When unused tickets or portions thereof, representing unused Pullman accommodations reserved on Government transportation requests, are presented to a ticket agent for cancellation, they should not be surrendered by the traveler to such agent but should be handled as required by paragraphs 32 and 33 of the Standardized Government Travel Regulations.

Assistant Comptroller General Elliott to the Liaison Officer, Office for Emergency Management, March 1, 1943:

Reference is made to your letter dated February 3, 1943, as follows:

I. C. C. No. A-20, Tariff Governing the Redemption of Sleeping and Parlor Car Tickets, effective May 20, 1942, provides that the cancellation of pullman space must be effected before train departure, and prescribes the procedure to be followed in canceling such accommodations. Under this tariff there arise several questions regarding the liability of the Government where an employee of the Government fails to cancel pullman accommodations secured in exchange for Government transportation requests.

In order to define more clearly the liability of the Government under this tariff, we would appreciate your reply to the following inquiries:

"I. Where pullman reservations secured in exchange for Government transportation requests are not used and either due to the negligence of the traveler or for reasons beyond his control, are not released prior to train departure, may the Government pay for such accommodations from appropriated funds?

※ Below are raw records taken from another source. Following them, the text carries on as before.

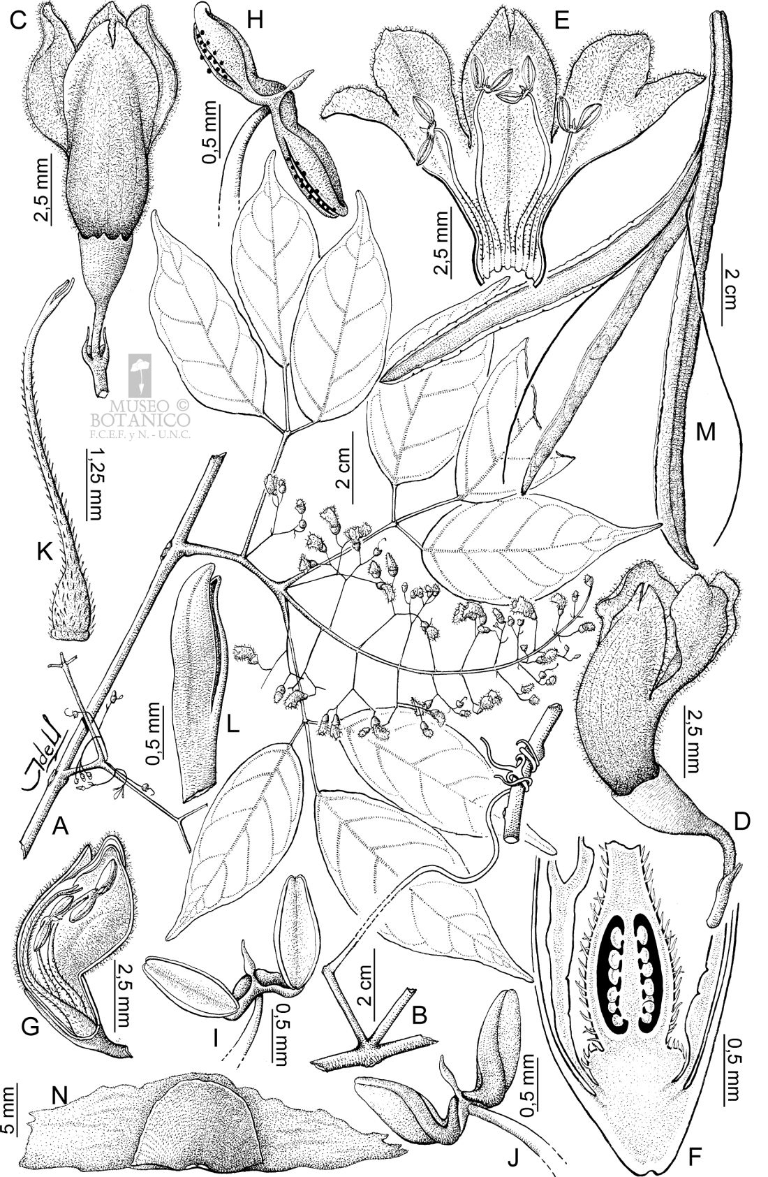 Liana hasta de 6 m de alto, ramas con lenticelas circulares o elípticas de 3-9 mm de largo, nudos sin campos glandulares ni línea interpeciolar; profilos de las yemas axilares inconspicuos. Hojas bi-trifolioladas; pecíolo de 1,7-4 cm de largo, peciólulos de 1-2,5 cm de largo, ambos canaliculados, haz pubérula; folíolos elípticos u ovados, de 4-10,5 × 1,5-4 cm, papiráceos, acuminados, borde entero, glabros, escamas escasas, envés con domacios pequeños, venación menor visible en ambas caras; zarcillo terminal trifilamentado, ápices uncinados. Inflorescencia en tirso apical o axilar laxo; brácteas triangulares, de 5-15 mm de largo. Flores con pedicelos escamosos de 2,5-4 mm de largo; bractéolas sésiles de 0,4-0,5 mm de largo; cáliz turbinado, denticulado, deciduo de 1,5-2,2 mm de largo, glabro; corola tubulosa, curvada, blanquecina de 5-9 × 5-7,5 mm, tomentosa, porción apical separada en dos labios, el superior formado por 2 lóbulos soldados casi hasta el ápice, glabro por dentro, el inferior con 3 lóbulos tomentosos en ambas caras; estambres inclusos, conectivo apiculado, tecas recurvadas ascendentes; disco anular, ovario ovoide ca. 1 mm de largo, densamente pubescente. Cápsulas lineares, complanadas, de 13-18,5 × 0,8-1,6 cm, lignificadas, castaño oscuras, ligeramente rugosas, ápice agudo, alas de 3-5 mm de ancho. Semillas de contorno elíptico, de 0,8-1 × 2,7-3,7 cm, planas, delgadas, alas membranáceas.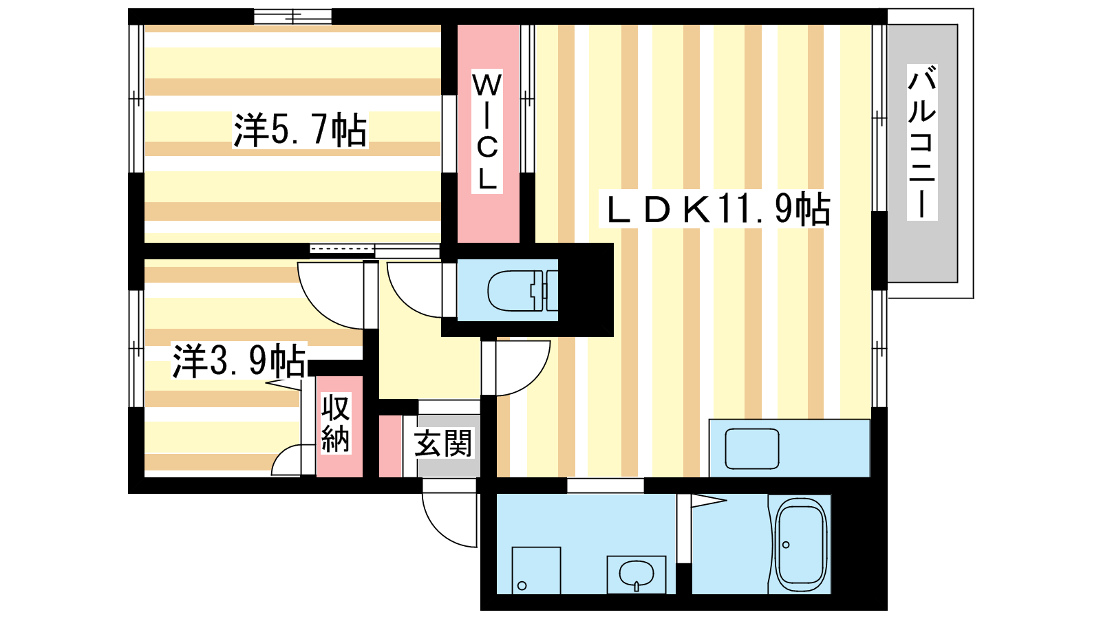- LDK11.9帖、洋室5.7帖、洋室3.9帖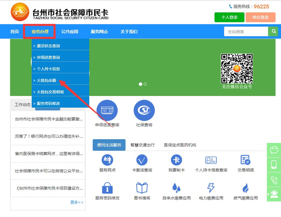 点击进入台州市社会保障市民卡官网,登录后点击“业务办理”,点击“大钱包余额”即可。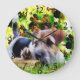 A black brown and white Terrier Puppy on the ground behind a log. With one paw up on the log and the green tree vines falling behind him. On this oil painting on this wall clock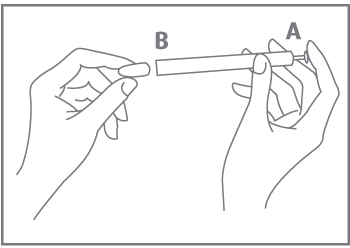 - Remove the pessary from the blister. Squeeze the cup end of the applicator (B) between your thumb and index finger to slightly flatten the cup.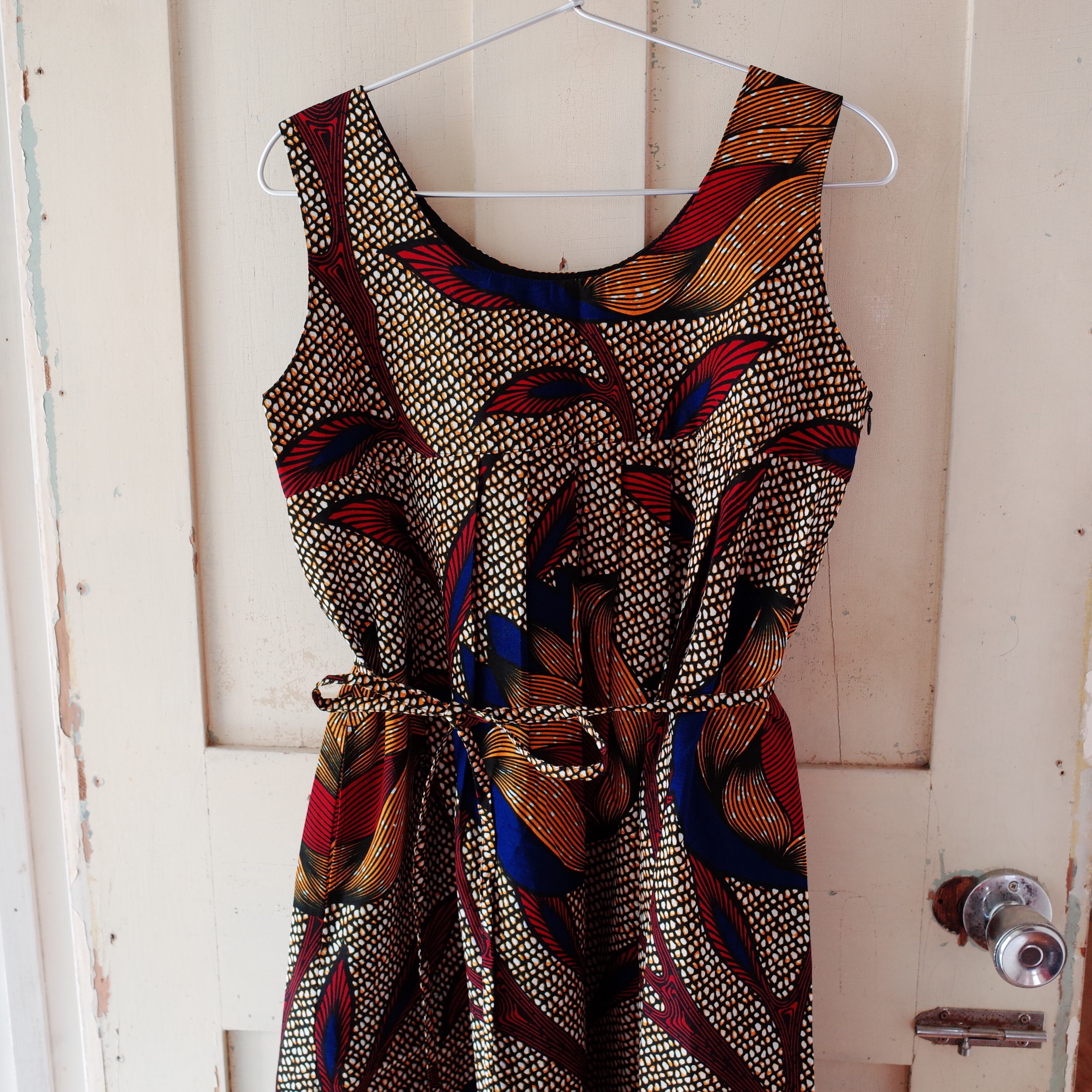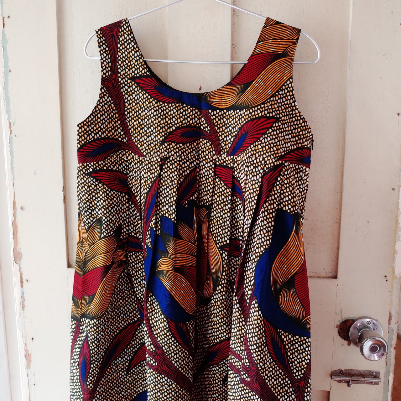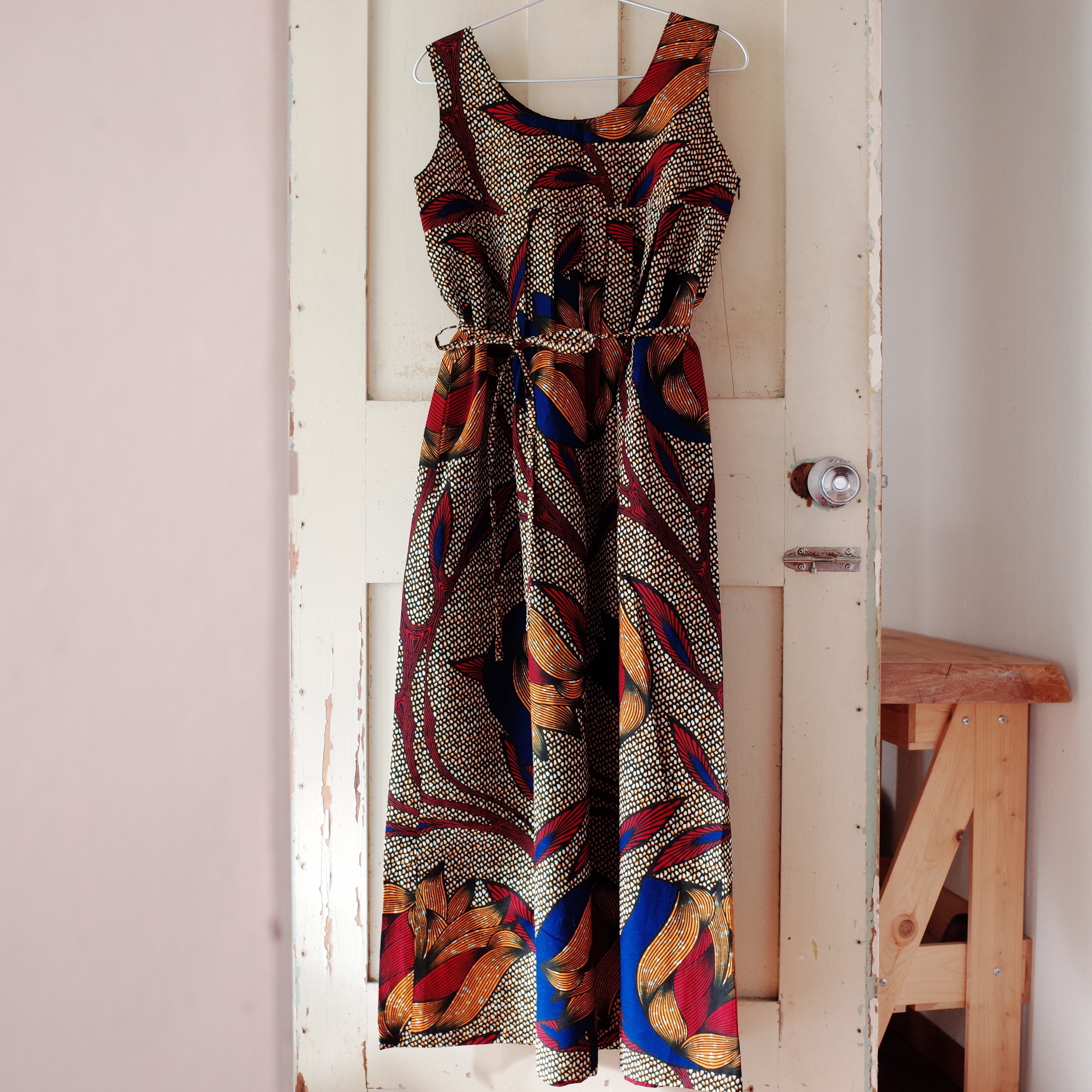 ケニアから仕入れたアフリカンプリント布(キテンゲ布)のノースリーブワンピースです。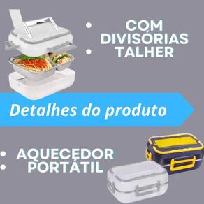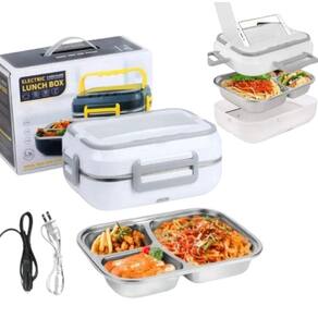 Marmita elétrica portátil com capacidade de 1.5L, ideal para aquecer alimentos em veículos (12V) e em casa (110V/220V). Possui travas laterais para fechamento seguro, repartições internas, suporte para talheres e é feita de plástico PP de grau alimentício e aço inoxidável 304.Lâmpada piloto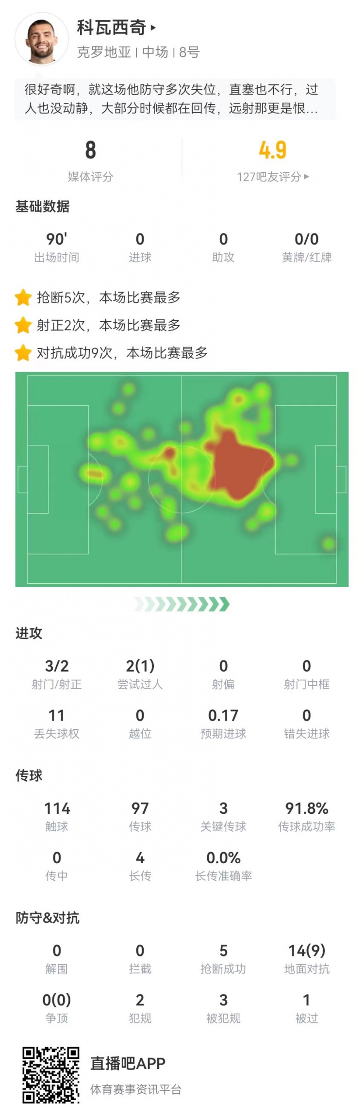 6月19日报道 克罗地亚在本轮欧洲杯2-2战平阿尔巴尼亚,科瓦西奇本场数据如下: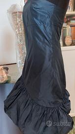 Taffeta' caro, taffeta' cara (cit). abito sera vintage favoloso tessuto cangiante blu/nero. La balza della parte inferiore e' strutturabile a piacere aderente o a corolla. Senza spalline. Vestito taglia 44/46 ma con ottima vestibilita'. chiusura con lampo centrale dietro. Accessori esemplificativi nn compresi.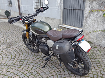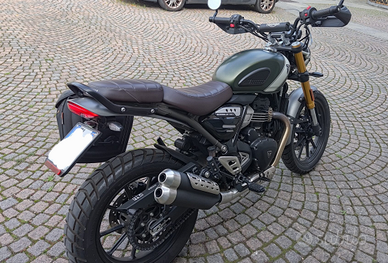 Immatricolata luglio 2024. Ottimo stato (batteria nuova), tagliandata. Accessori: supporto e borsa laterale Givi, porta targa, specchietti cafe racer, cupolino trasparente originale (eventuale pignone 15 denti originale per allungare marce)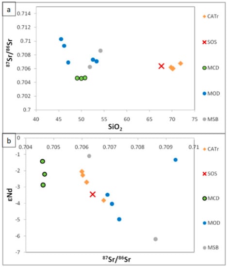 In the plot SiO2 versus 87Sr/86Sr (Figure 11a), a first recognizable feature is the isotopic similarity between MCD and the mafic parental magmas from the literature (87Sr/86Sr < 0.705) (Table 4 and Table S4). Such Sr isotopic compositions underline a lithospheric mantle affinity for MCD [61]. In contrast, the other mafic lithologies from Corno Alto, which include MOD (except for two samples), MSB and MDP, have more radiogenic values than MCD that are similar to the most differentiated units (SOS, CAT and CATr) within the interval between 0.7054 and 0.7082. A little amount of crustal contamination (assuming a crust with 87Sr/86Sr > 0.735) may have affected the trondhjemites, granites and granodiorites, according to Del Moro et al. [8]. The diagram Sr isotopic ratio vs. εNd (Figure 11b) shows that among the considered rock suites, only the Southern Re di Castello gabbro reveal mantle affinity with εNd > 0 and low 87Sr/86Sr (Figure S11b). Additionally, MPD and MCD show εNd ≈ 0 or slightly negative and low to medium 87Sr/86Sr values thus displaying little amounts of crustal assimilation. CATr, CAT, SOS and MOD lie in the εNd < 0—high 87Sr/86Sr sector, emphasizing crustal assimilation (Figure 11b).
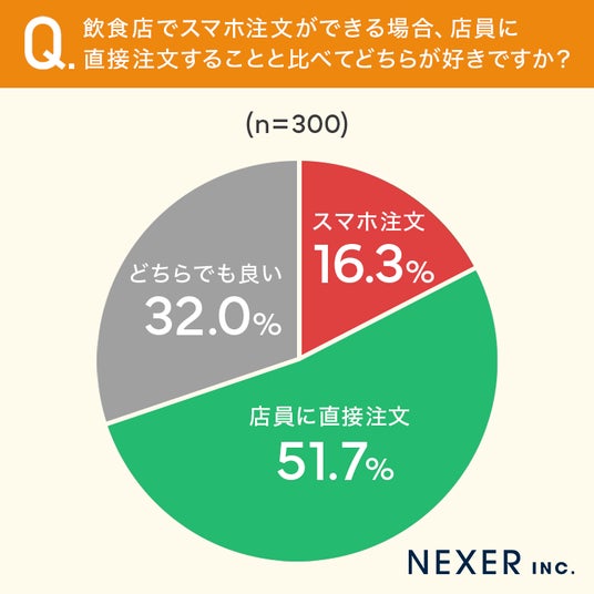 51.7%と半数以上の方が、「店員に直接注文する方が好き」と回答しています。
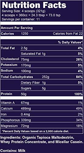MAXIMUM NUTRITION: 50g of Protein, 252g of Carbs, 1,250 Calories, 11.5g of BCAAs (branched-chain amino acids) per serving and only 5g sugar.

"II. If the answer to question I is in the affirmative is the Government required to effect collection when :

a. The failure to release such space prior to train departure is due to the negligence of the employee?

b. The failure to release pullman reservations is due to circumstances beyond the control of the traveler?"

Tariff I. C. C. No. A-20 to which you refer is The Pullman Company's tariff issued April 15, 1942, to be effective May 20, 1942, "Governing The Redemption Of Sleeping Or Parlor Car Tickets Sold For Accommodations In Cars Of This Company"; and embodies the carrier's rules to govern the redemption of "Unused Or Partly Used" tickets sold for such accommodations. In tariff section 3 (c) it is provided that: "Tickets will not be redeemed except under the conditions shown" in this tariff.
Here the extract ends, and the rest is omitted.